振り駒の結果甲斐智美女流二段が先手となり四間飛車に、後手の矢内理絵子女流名人は対四間飛車戦に有効な米長玉を採用して戦いが開始されました。

序盤からもたついてしまった甲斐女流二段が中盤でも思ったような指し手がなく、形勢はぐっと矢内女流名人に傾きました。この辺り、タイトル戦初めての甲斐女流二段が緊張していたように思われます。

終盤はこのまま矢内女流名人の圧勝かと思われましたが、流石に甲斐女流二段も少しずつ差を詰めて、一時は逆転かと思わせる局面もあったようです。

下図に掲げたのは118手目、後手が△2六桂と銀を手にしながら詰めろを掛けてきた局面です。
マイナビ女子オープン第1局118手目

本譜は▲4九金と受けましたが、△3八銀から崩されて後手側の攻めが続く格好になりました。
もし、▲4九金に代えて▲2七銀だったらどうだったか検討してみましたが、やはり本譜の順で進めると先手玉が詰まされてしまいます。
図では既に後手が優勢で先手に勝ち目の薄い局面のようです。となると、その前に先手が勝つチャンスがあったかもしれません。
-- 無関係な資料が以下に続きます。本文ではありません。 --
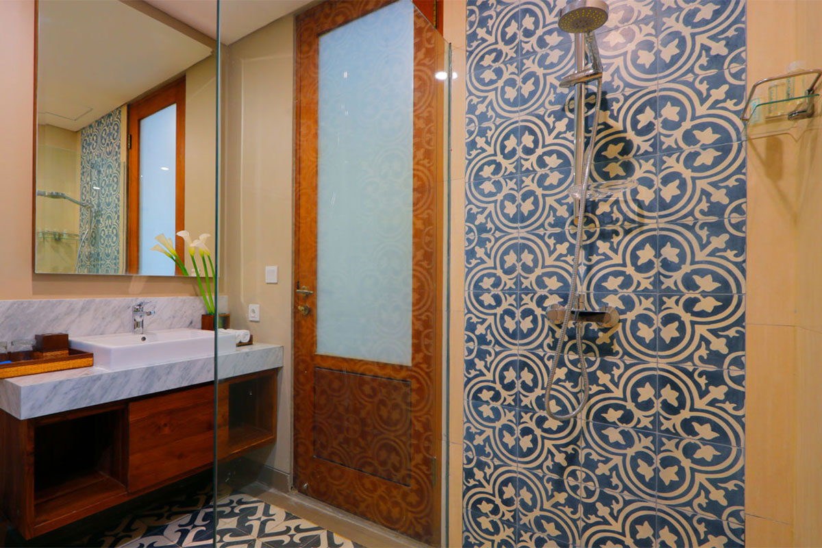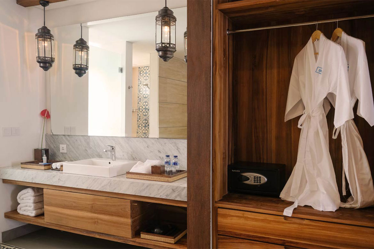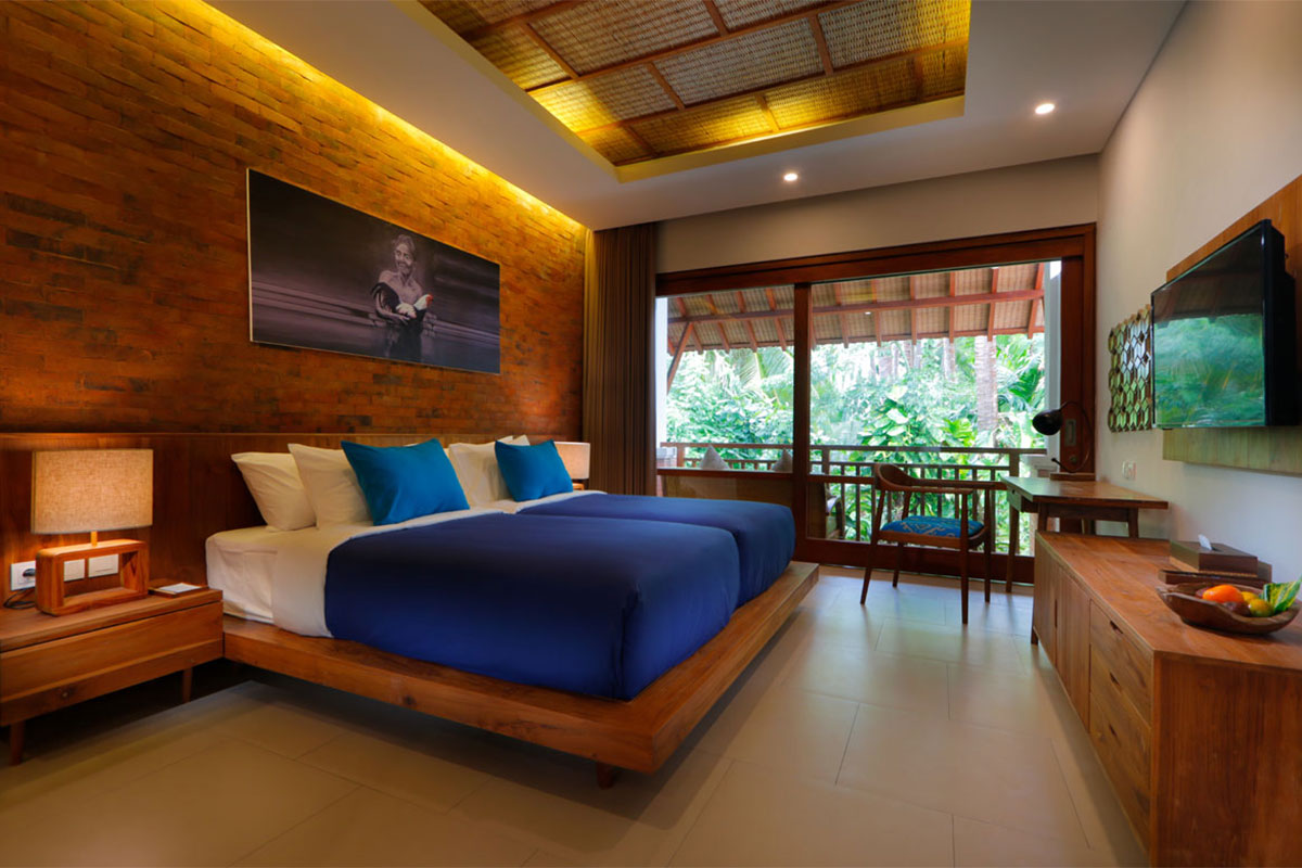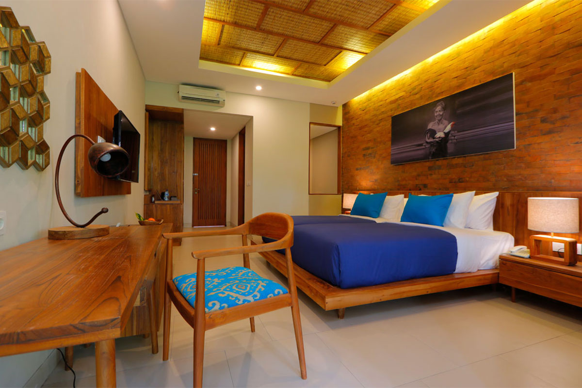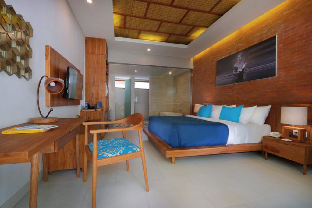 Located on the second floor, this stylish room category is a restful space that extends out onto a private balcony cooled by the sea breeze. Contemporary timber furnishings balanced by a classic brick feature wall and the subtle use of colour reflects Bali’s warm and welcoming appeal. The en-suite bathroom comes complete with a shower cubicle and a well-lit vanity.
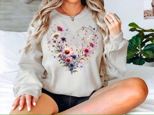 Boho Wildflower Youth Sweatshirt, Vintage Cottagecore Wildflowers Crewneck, Botanical Sweatshirt
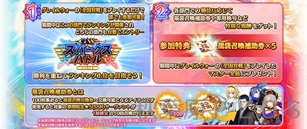 本イベントの参加特典やランキング報酬では、新アイテム「福袋召喚補助券」が獲得可能。「福袋召喚補助券」は、100枚集めると対象の期間限定★5(SSR)サーヴァントが1騎確定の10回召喚が行える「福袋召喚引換券」と交換可能なアイテムだ。「福袋召喚補助券」は、今後のイベントやキャンペーン等でも獲得可能。
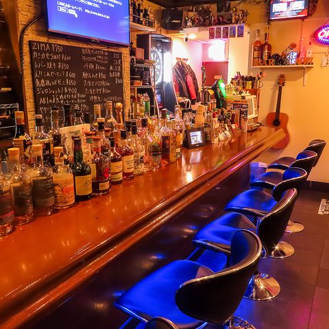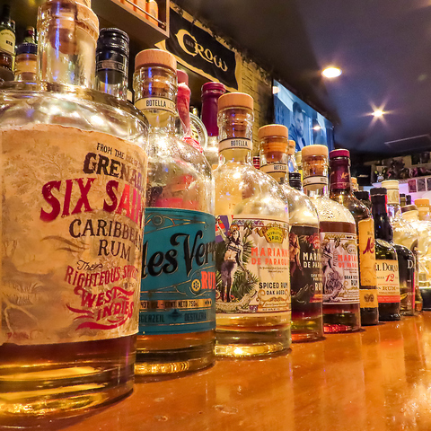ラム酒を中心にお酒の種類が豊富。150種近くのアルコールを多彩に取り揃え。

本局は甲斐女流二段の指し手が硬く、惜しい局面もありながら攻めきるまでには至らず、矢内女流名人の堅実な将棋が勝敗を分けたようです。

第2局以降は東京将棋会館でのタイトル戦となっていますので、いつもの甲斐女流二段に戻っていればこのシリーズ面白い対局になりそうです。
今後も二人の熱戦に期待しましょう。